Historian Yohanan Ben-Yaakov shared stories about the establishment of Jewish settlements in the region that he said may not be as well known as others. “Israelis are usually familiar with war stories about the Etzion bloc, about brave Jewish fighters and the numerous sacrifices that they made,” he said. “It is always presented as a very simple story—there were good guys and bad guys, and the good guys won. Relations between Jews and Arabs here were not always that black and white.”

Ben-Yaakov spoke about the settlement of Migdal Eder, the inhabitants of which were saved during the pogroms of 1929 by Arabs from the neighboring village of Beit Ummar, and about Kfar Etzion founder Shmuel Holzman’s son, a Jewish doctor who opened an infirmary near the Etzion bloc junction in 1929 with the intention of helping the local Arab population.

“It’s written in the Torah that Esau hates Yaakov, and everybody remembers these words. Few know what is written later, that he kissed him with his whole heart. These two feelings go hand in hand here today as well and it is up to us to choose between love and hatred,” Ben Yaakov concluded.

The event also featured speakers such as Dr. Yitzhak Glick, brother of MK Yehuda Glick, who received the Moskowitz Prize in 2012 for the free medical assistance he has provided to the people of the Etzion bloc, including to Palestinians, who know him as “our doctor.”

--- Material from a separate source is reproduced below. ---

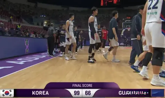 比赛开始后,首节之争关岛并没有落入下风,和韩国厮杀的是有来有回。但是从次节开始,韩国男篮就占据场上的绝对主动权,虽然三分手感不佳,但是却加强了防守,疯狂拼抢篮板,同时进攻端也是大肆砍分,很快分差被持续拉开。下半场关岛还是没有办法调制对手的进攻,只能眼睁睁看着自己继续被吊打,最终全场比赛结束,韩国男篮技高一筹4人得分上双大胜关岛,成功将八强门票收入囊中!
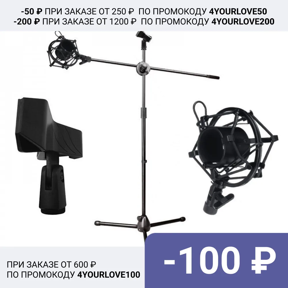 Стойка для микрофона напольная журавль Pro-55 с держателем «прищепка» и металлическим держателем «паук».Телескопическая микрофонная стойка-журавль на треноге — практичная стойка для сценических и вокальных микрофонов, можно использовать в студии звукозаписи. Стойка имеет складную конструкцию с дополнительной стрелой (плечом), длина которой равна 67 см. Стрела закреплена на треножной стойке-штативе с регулируемой высотой. Высота микрофонной стойки может изменяться в пределах от 77 см до 135 см, в зависимости от требований музыкантов и исполнителей. Металлический противоударный держатель защищает микрофон от перехвата вибраций внешней среды, которые негативно влияют на качество звуковой записи.Особенности:- Подходит для тех, кто делает первые шаги в записи подкастов, стримов или видеоблогов;- Два держателя для микрофона (паук и прищепка);- Диаметр резьбы держателя микрофона: 5/8" с переходником на 3/8";- Подходит для микрофонов диаметром 40-45 мм;- Складные ножки;- Металлическая основа.Характеристики:- Радиус основания: 30 см;- «Журавль»: 67 см;- Высота стойки: 77-135 см;- Внешний диаметр «паука»: 9.5 см;- Внутренний диаметр «паука»: 4.5 см;- Высота «паука»: 7.8 см;- Для микрофонов диаметром: 4-4.5 см.В комплекте: стойка, журавль, держатель для микрофона «прищепка», держатель для микрофона «паук».Внимание! Допустим разброс в размерах, т.к. все замеры были сделаны вручную.

“Gush Etzion must be the center of peace not just in Israel, but in the world,” Dr. Glick maintained.

The event was also organized by Roots, a grassroots initiative which regularly facilitates meetings between Israelis and Arabs. The organization helped bring several Arabs from the nearby villages of Beit Ummar and Yatta to the event. Roots co-founder Khaled Abu Awwad said that he believes that such events could be more effective in bringing peace to the Middle East than meetings between Abbas and Netanyahu.

“Peace between our peoples must grow from the bottom up and only we can break the walls of alienation and hatred that have been put up between us,” he said. “We belong to this land, but the land does not belong to anyone so we must learn to live here together in peace.”